Who Should Avoid Intermittent Fasting?

Intermittent fasting is certainly not suitable for everybody. Certain groups should avoid IF or approach it with caution. This includes pregnant and breastfeeding women. Fasting could impact the necessary nutrient intake for both the mother and the developing baby. Individuals with a history of eating disorders should also avoid this way of eating, as IF could potentially trigger unhealthy eating patterns.

People with certain medical conditions, particularly those that involve blood sugar regulation, such as diabetes, should be careful. Fasting can affect blood sugar levels, so individuals with diabetes or hypoglycemia need to manage these conditions closely if considering IF. Similarly, those with a history of heart conditions should consult a healthcare professional, as fasting can impact blood pressure and heart rate.

Given these considerations, it’s recommended to consult with a healthcare provider before starting an IF regimen, especially if you have any preexisting conditions.

The Bottom Line

Intermittent fasting stands out as a powerful approach to eating that goes beyond traditional dieting. Instead of focusing so much on the exact foods and quantities you eat, it focuses on the timing of eating. Its benefits, ranging from weight loss and improved metabolic health to enhanced cognitive function and potential longevity, have made this way of eating extremely desirable for so many. 

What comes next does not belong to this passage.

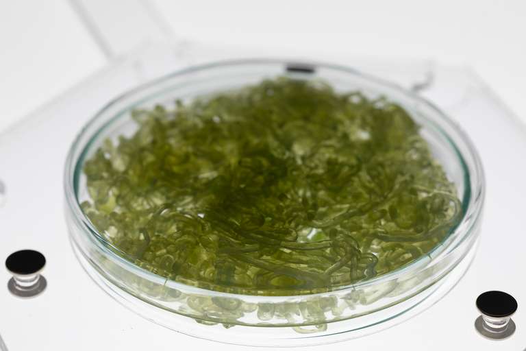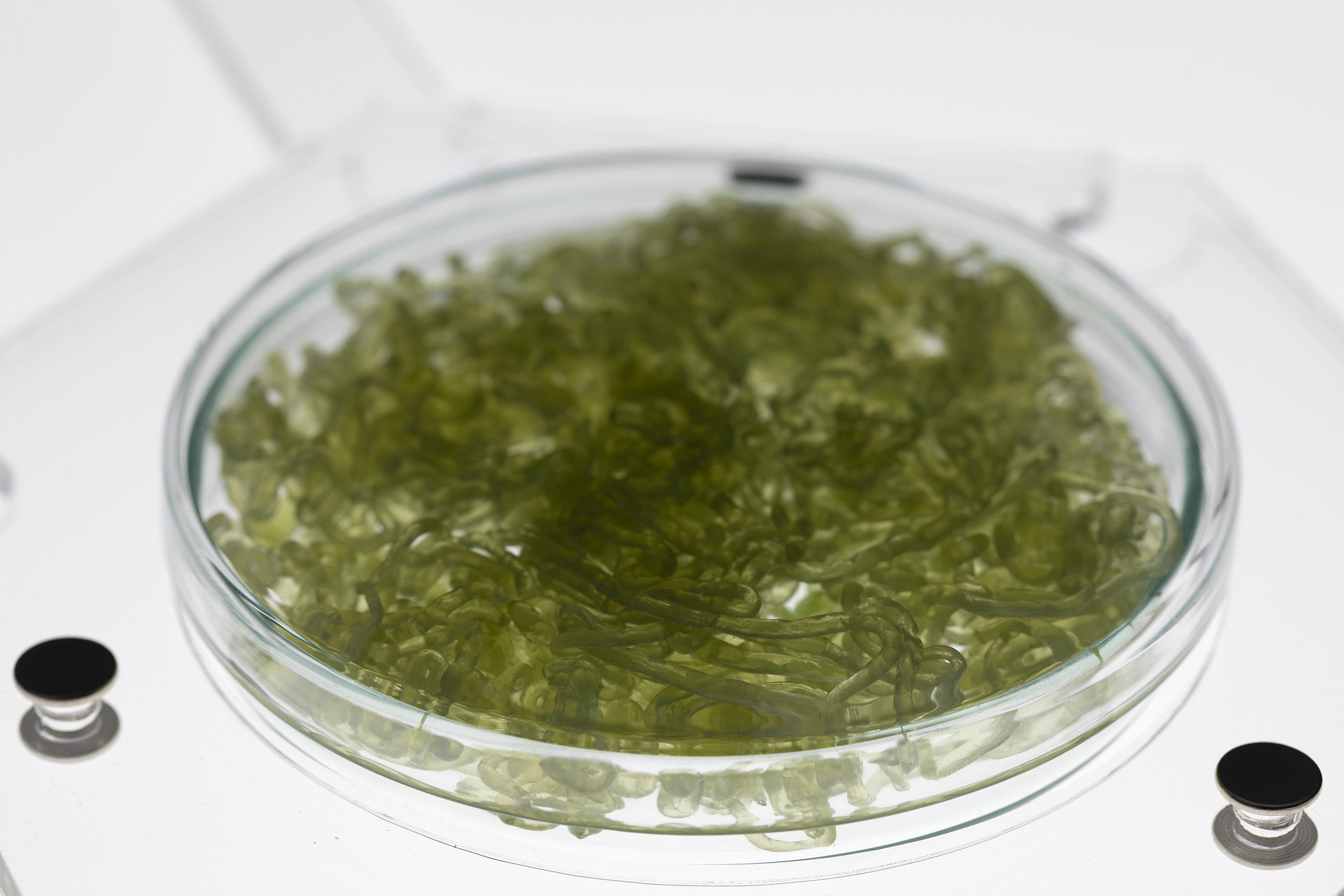 Biomaterials with spirulina biomass, Petri dishes, acrylic, light box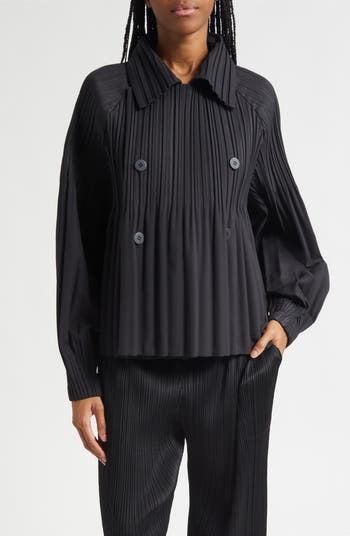 This double-breasted jacket cut in a boxy silhouette features Issey Miyake's signature garment pleating for a wrinkle-resistant, shape-retaining finish.

The true essence of IF lies in its flexibility and adaptability to different lifestyles and preferences. If you decide to try fasting, remember that it’s not one-size-fits-all. There are many different methods you can explore, and they can each be tailored to fit your needs. Listen to your body, adjust your approach as needed, and most importantly, ensure that your choice fits comfortably within your lifestyle and health goals.

  1. Bathina, S., & Das, U. N. (2015). Brain-derived neurotrophic factor and its clinical implications. Archives of medical science : AMS11(6), 1164–1178.
  2. Elsworth, R. L., Monge, A., Perry, R., Hinton, E. C., Flynn, A. N., Whitmarsh, A., Hamilton-Shield, J. P., Lawrence, N. S., & Brunstrom, J. M. (2023). The Effect of Intermittent Fasting on Appetite: A Systematic Review and Meta-Analysis. Nutrients15(11), 2604.
  3. Seidler, K., & Barrow, M. (2022). Intermittent fasting and cognitive performance – Targeting BDNF as potential strategy to optimise brain health. Frontiers in Neuroendocrinology, 65, 100971.
  4. Trepanowski, J. F., Kroeger, C. M., Barnosky, A., Klempel, M. C., Bhutani, S., Hoddy, K. K., Gabel, K., Freels, S., Rigdon, J., Rood, J., Ravussin, E., & Varady, K. A. (2017). Effect of Alternate-Day Fasting on Weight Loss, Weight Maintenance, and Cardioprotection Among Metabolically Healthy Obese Adults: A Randomized Clinical Trial. JAMA internal medicine177(7), 930–938.
  5. Yuan, X., Wang, J., Yang, S., Gao, M., Cao, L., Li, X., Hong, D., Tian, S., & Sun, C. (2022). Effect of Intermittent Fasting Diet on Glucose and Lipid Metabolism and Insulin Resistance in Patients with Impaired Glucose and Lipid Metabolism: A Systematic Review and Meta-Analysis. International journal of endocrinology2022, 6999907.